Tracking by detection. One classic approach to track a moving object is to remember it and then find it. The object model and tracking status are updated contineously along the video frames, so that appearance change, occlusion status etc. can be handeled. You will build an online object tracking framework and perhaps give a demo during our poster session.

Object re-identification. It is common that an object appears in different cameras with different viewpoint, zoom or lighting conditions. Object re-identification exactly finds such matches and enables many surveillance applications such as finding the criminals. You will design your object re-id pipeline and compare with several state-of-the-art approaches.

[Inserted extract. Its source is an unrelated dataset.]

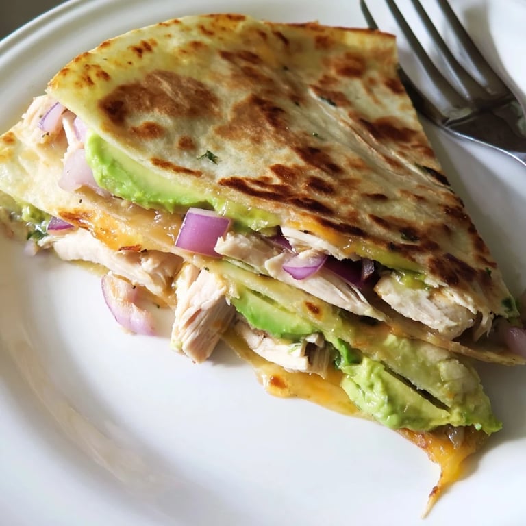 Pin it My neighbor showed up one afternoon with a bag of avocados from her tree, and I had leftover chicken in the fridge that needed using. I wasn't planning anything fancy, just something quick before the kids got home from practice. I folded everything into tortillas, pressed them into a hot pan, and the smell alone made everyone appear in the kitchen before I even finished cooking. That's how this quesadilla became our weeknight answer to everything.

Product description. Given a product image, can you generate a paragraph describing the object? You can also develop projects that connect computer vision and natural language processing.

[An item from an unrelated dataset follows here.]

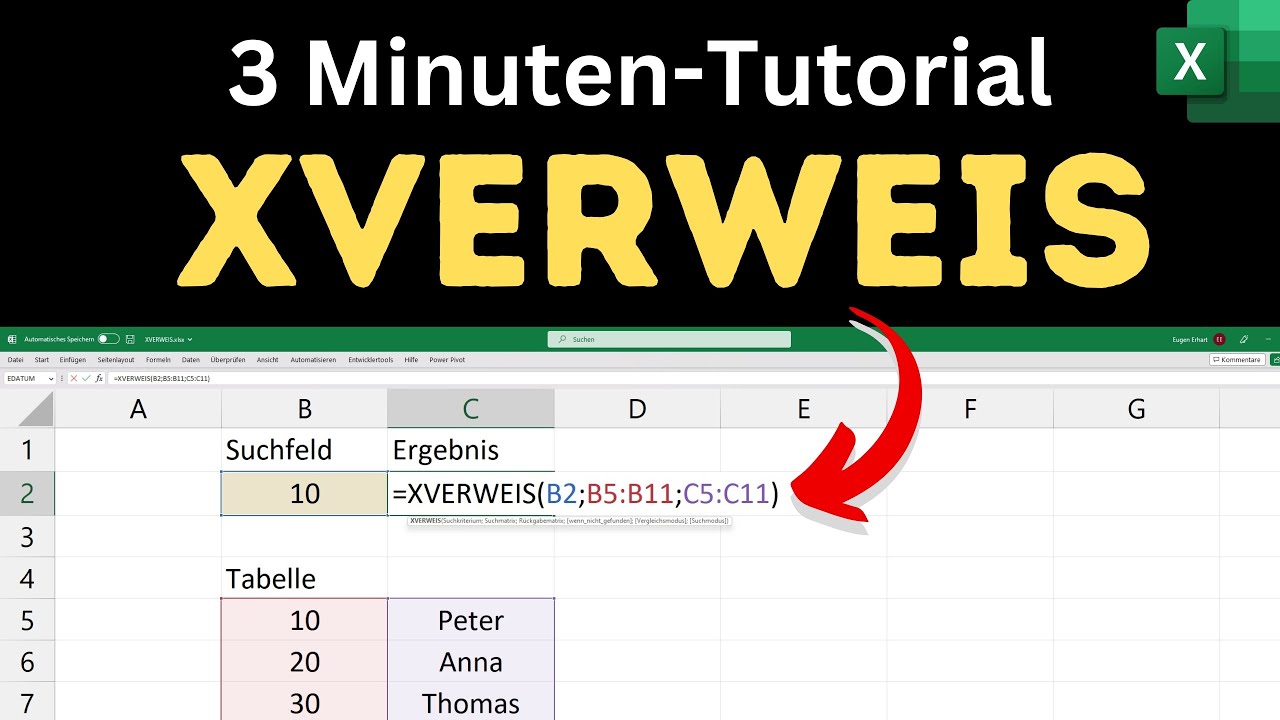 Die XVERWEIS Funktion in Excel revolutioniert die Art und Weise, wie Sie Daten in Tabellen suchen und abrufen. Sie ist eine moderne und flexible Alternative zu älteren Funktionen wie SVERWEIS und ermöglicht Ihnen, Elemente anhand von Suchkriterien in einem Bereich zu finden und entsprechende Werte aus einem anderen Bereich zurückzugeben. Dies ist besonders nützlich, wenn Sie beispielsweise Preise anhand von Artikelnummern oder Mitarbeiterdetails anhand von IDs suchen müssen. XVERWEIS durchsucht eine Spalte nach einem bestimmten Wert und gibt ein Ergebnis aus derselben Zeile in einer anderen Spalte zurück, wobei die relative Position der Spalten keine Rolle spielt.

License plate recognition serves as a critical part in many surveillance applications. A typical routine for LPR includes license plate localization, character segmentation and character recognition. However, building a robust and fast LPR system is still very challenging. You will implement your own LPR approach and may try something different. You should demo your LPR system during the poster session.

Human pose/hand gesture recognition is popular in many medical/HCI applications. The basic idea of such articulated object recognition however is similar - finding object parts and their best combination.

Instance recognition. Object instance recognition attracts increasing interest recently; it tries to recognize different object instances that belong to the same class, for example, different kinds of dogs, birds or cars. Practially this is useful for warehouse management, robotics, traffic surveillance etc. You will read state-of-the-art papers, work on a standard instance recognition dataset and try your approach.

Cancer biopsy diagnosis. The task is to classify a given region of interest (ROI) from a whole slide biopsy to one of the four diagnostic categories: benign, atypia, DCIS and invasive. There are 428 ROIs marked and diagnosed by expert pathologists. ROIs have different sizes and shapes but each has only one diagnostic label. You can use different approaches to overcome size differences: sliding windows, resizing etc.